ABOUT THIS TASK:
The entries that follow need to be printed exactly as they are, minus any pictures.

LISTED ENTRIES:

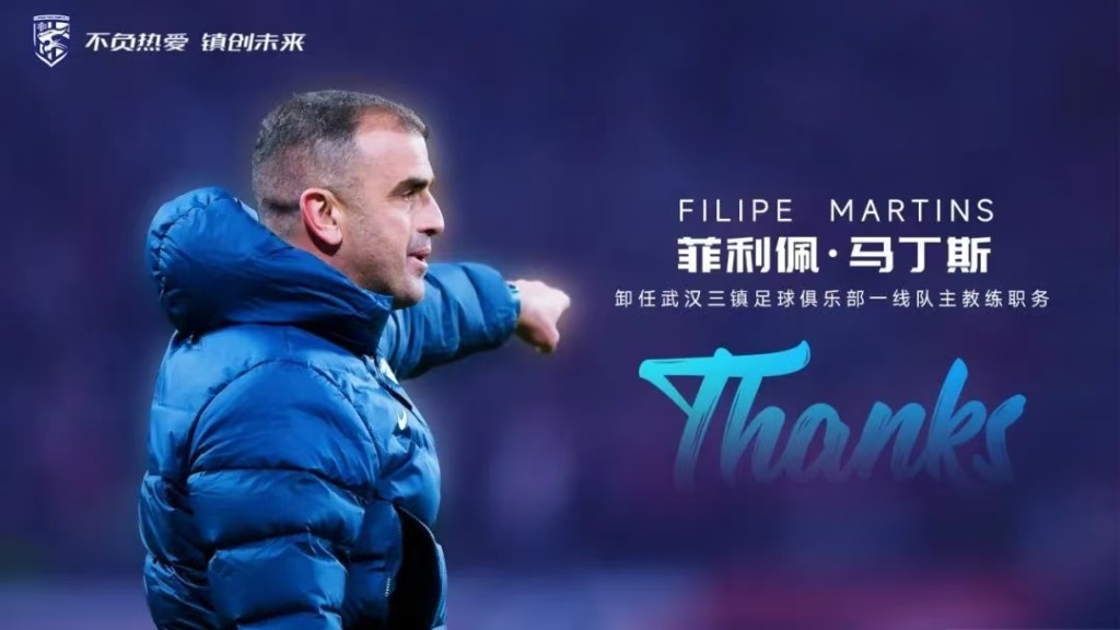 武汉三镇足球俱乐部感谢马丁斯及其教练团队在执教期间为球队付出的努力,祝福他在今后的生活与工作中一切顺利。
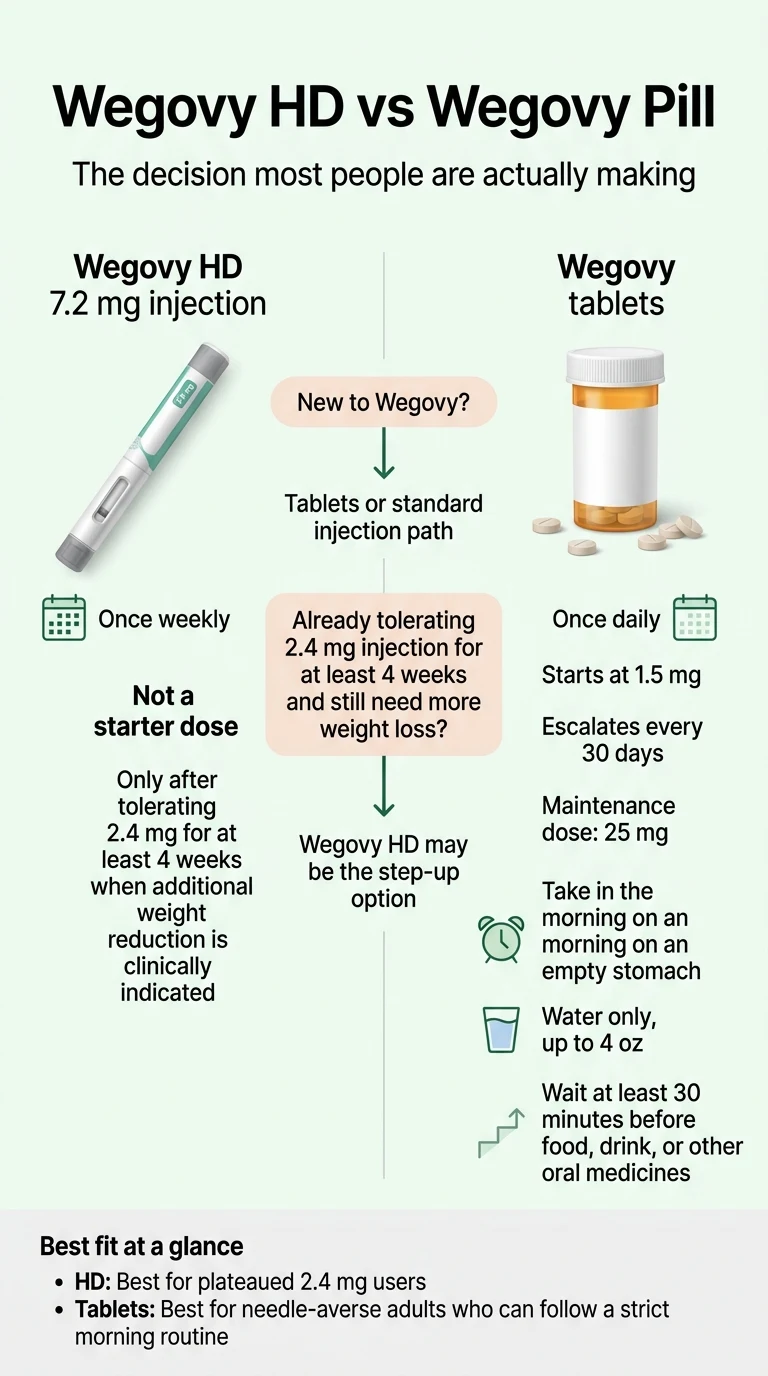 Bottom line up front: If you're searching Wegovy HD vs Wegovy pill, here’s the one thing almost every other page buries: Wegovy HD isn't a starter dose. The FDA label only allows HD (the new 7.2 mg weekly injection) after you've tolerated the standard 2.4 mg Wegovy injection for at least 4 weeks. So if you're new to Wegovy, you're not choosing between HD and the pill — you're choosing between the Wegovy tablet path (starts at 1.5 mg daily, titrates up to 25 mg over about 3 months) and the Wegovy injection path (starts at 0.25 mg weekly, titrates up to 2.4 mg over about 4 months). HD is the step-up option you graduate into later, only if clinically indicated.
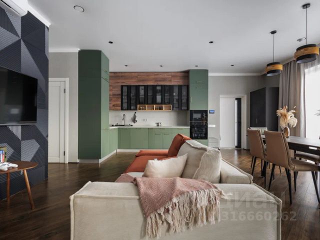 Большая кухня - гостиная (50 кв. м) с панорамными окнами. Там же находится акустическая система и проектор.
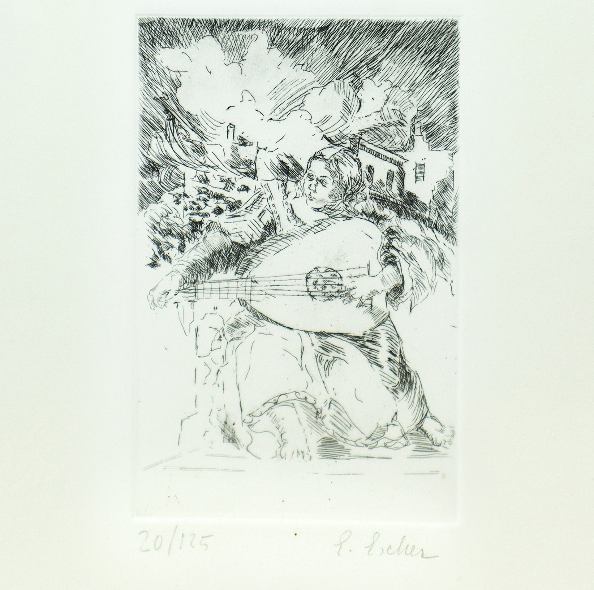 Emma Escher (1929 - 2005) - Angelo musicante h cm 34X30 Incisione
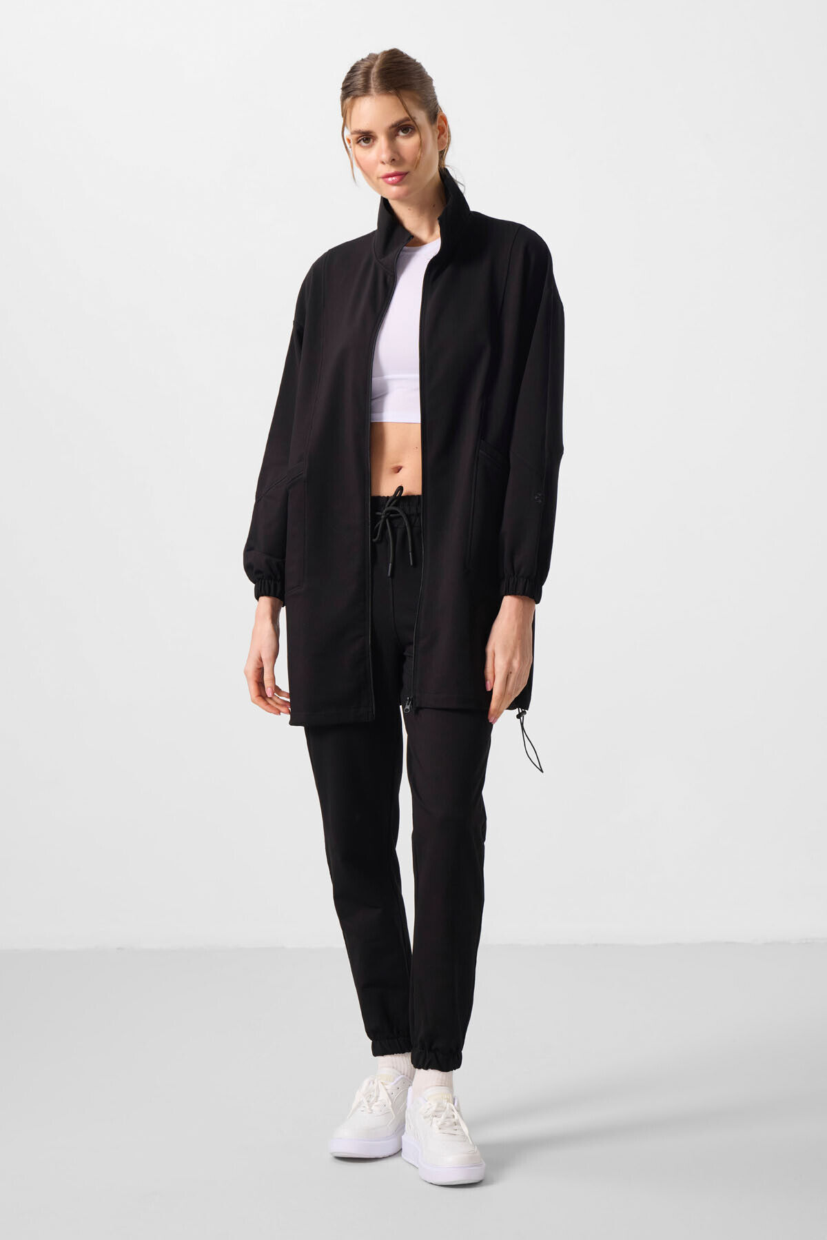 TommyLife Siyah Dik Yaka Fermuarlı Rahat Form Kadın Eşofman Tunik Takım - 95345
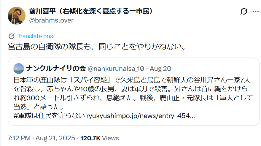 前川さんは「宮古島の自衛隊の隊長が訓練への抗議における拡声器中止を求めたから、いずれ島の一家を皆殺しにするかもしれない」とお考えなのか???
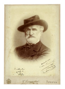 N° 99·Verdi Giuseppe, Dedica e firma autografa su ritratto all'albumina. Datata luglio 1899, Montecatini.
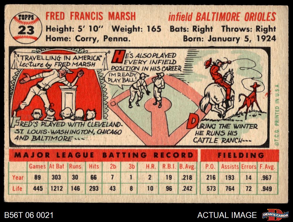 1956 Topps #23 Fred Marsh 3.5 - VG+
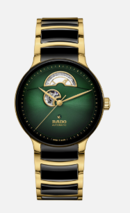 ラドーCentrix Automatic Open Heartで、イノベーションと美の完璧な調和を楽しみましょう。 この傑作の心臓部には、ラドーのキャリバーR734自動巻ムーブメントが搭載され、抜群の高い精度と信頼性を生み出しています。80時間パワーリザーブ機能なので、長時間連続して高いパフォーマンスを発揮し、耐磁性ニバクロン™ひげぜんまいと5ポジションでの調整により、さらに精度が向上しています。上品な39.5 mm径のポリッシュ仕上げイエローゴールドカラーのステンレススチール製ケースに収まったCentrix Automatic Open Heartは精巧な職人芸を示しています。サファイアクリスタルを備えたポリッシュ仕上げステンレススチール製ケースバックからは、時計内部の魅惑的な仕組みが覗き込めるようになっています。そしてダイアルには、うっとりするようなグリーンからブラックへのグラデーションが施されていて、時計のデザインに深みと魅力を付け加えています。イエローゴールドカラーの針で引き立つダイアルは、素晴らしい視認性を実現するとともに、エレガントさをもたらしています。ブレスレットは、ポリッシュ仕上げイエローゴールドカラーのステンレススチールとブラック ハイテクセラミックスの中央リンクが特徴で、強烈なコントラストを生み出しています。
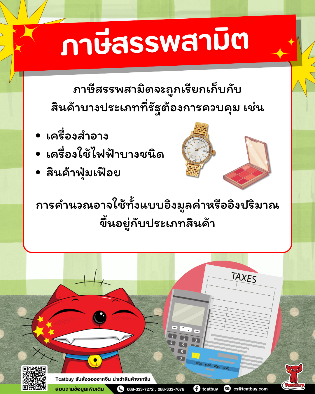 ภาษีสรรพสามิตจะถูกเรียกเก็บกับสินค้าบางประเภทที่รัฐต้องการควบคุม เช่น
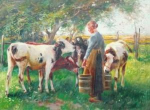 Magd Mit Kuhen Auf Der Weide
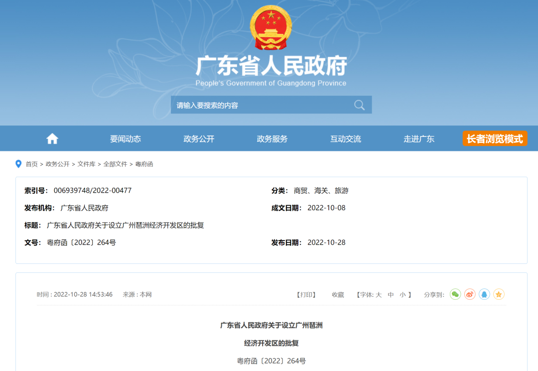 《批复》同时提出,省商务厅要会同有关部门加强指导和服务,营造良好的政策环境,促进广州琶洲经济开发区高质量发展。
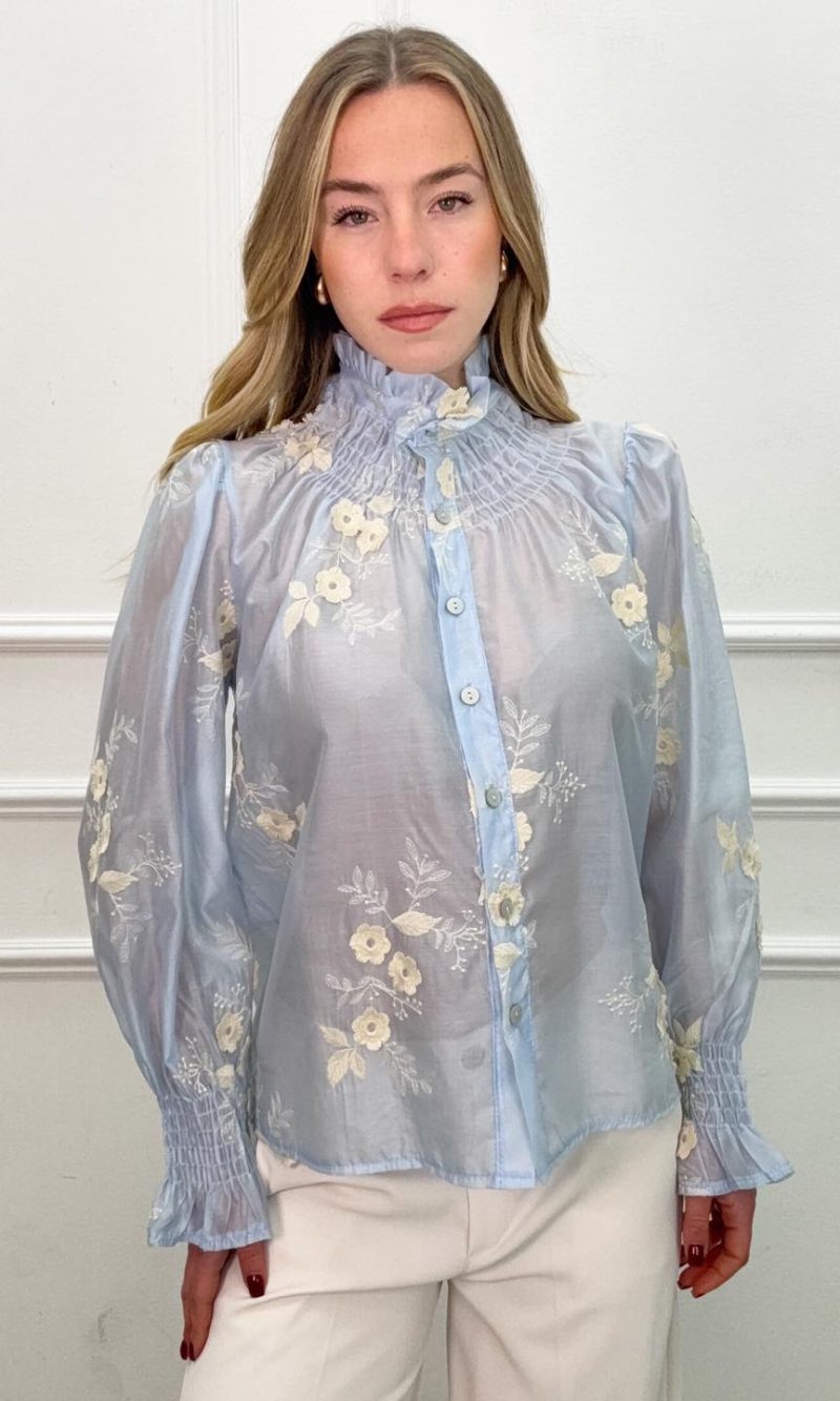 Πουκάμισο σιέλ με κεντημένα λουλούδια

WRITTEN ANSWER:
 武汉三镇足球俱乐部感谢马丁斯及其教练团队在执教期间为球队付出的努力,祝福他在今后的生活与工作中一切顺利。
 Bottom line up front: If you're searching Wegovy HD vs Wegovy pill, here’s the one thing almost every other page buries: Wegovy HD isn't a starter dose. The FDA label only allows HD (the new 7.2 mg weekly injection) after you've tolerated the standard 2.4 mg Wegovy injection for at least 4 weeks. So if you're new to Wegovy, you're not choosing between HD and the pill — you're choosing between the Wegovy tablet path (starts at 1.5 mg daily, titrates up to 25 mg over about 3 months) and the Wegovy injection path (starts at 0.25 mg weekly, titrates up to 2.4 mg over about 4 months). HD is the step-up option you graduate into later, only if clinically indicated.
 Большая кухня - гостиная (50 кв. м) с панорамными окнами. Там же находится акустическая система и проектор.
 Emma Escher (1929 - 2005) - Angelo musicante h cm 34X30 Incisione
 TommyLife Siyah Dik Yaka Fermuarlı Rahat Form Kadın Eşofman Tunik Takım - 95345
 前川さんは「宮古島の自衛隊の隊長が訓練への抗議における拡声器中止を求めたから、いずれ島の一家を皆殺しにするかもしれない」とお考えなのか???
 N° 99·Verdi Giuseppe, Dedica e firma autografa su ritratto all'albumina. Datata luglio 1899, Montecatini.
 1956 Topps #23 Fred Marsh 3.5 - VG+
 ラドーCentrix Automatic Open Heartで、イノベーションと美の完璧な調和を楽しみましょう。 この傑作の心臓部には、ラドーのキャリバーR734自動巻ムーブメントが搭載され、抜群の高い精度と信頼性を生み出しています。80時間パワーリザーブ機能なので、長時間連続して高いパフォーマンスを発揮し、耐磁性ニバクロン™ひげぜんまいと5ポジションでの調整により、さらに精度が向上しています。上品な39.5 mm径のポリッシュ仕上げイエローゴールドカラーのステンレススチール製ケースに収まったCentrix Automatic Open Heartは精巧な職人芸を示しています。サファイアクリスタルを備えたポリッシュ仕上げステンレススチール製ケースバックからは、時計内部の魅惑的な仕組みが覗き込めるようになっています。そしてダイアルには、うっとりするようなグリーンからブラックへのグラデーションが施されていて、時計のデザインに深みと魅力を付け加えています。イエローゴールドカラーの針で引き立つダイアルは、素晴らしい視認性を実現するとともに、エレガントさをもたらしています。ブレスレットは、ポリッシュ仕上げイエローゴールドカラーのステンレススチールとブラック ハイテクセラミックスの中央リンクが特徴で、強烈なコントラストを生み出しています。
 ภาษีสรรพสามิตจะถูกเรียกเก็บกับสินค้าบางประเภทที่รัฐต้องการควบคุม เช่น
 Magd Mit Kuhen Auf Der Weide
 《批复》同时提出,省商务厅要会同有关部门加强指导和服务,营造良好的政策环境,促进广州琶洲经济开发区高质量发展。
 Πουκάμισο σιέλ με κεντημένα λουλούδια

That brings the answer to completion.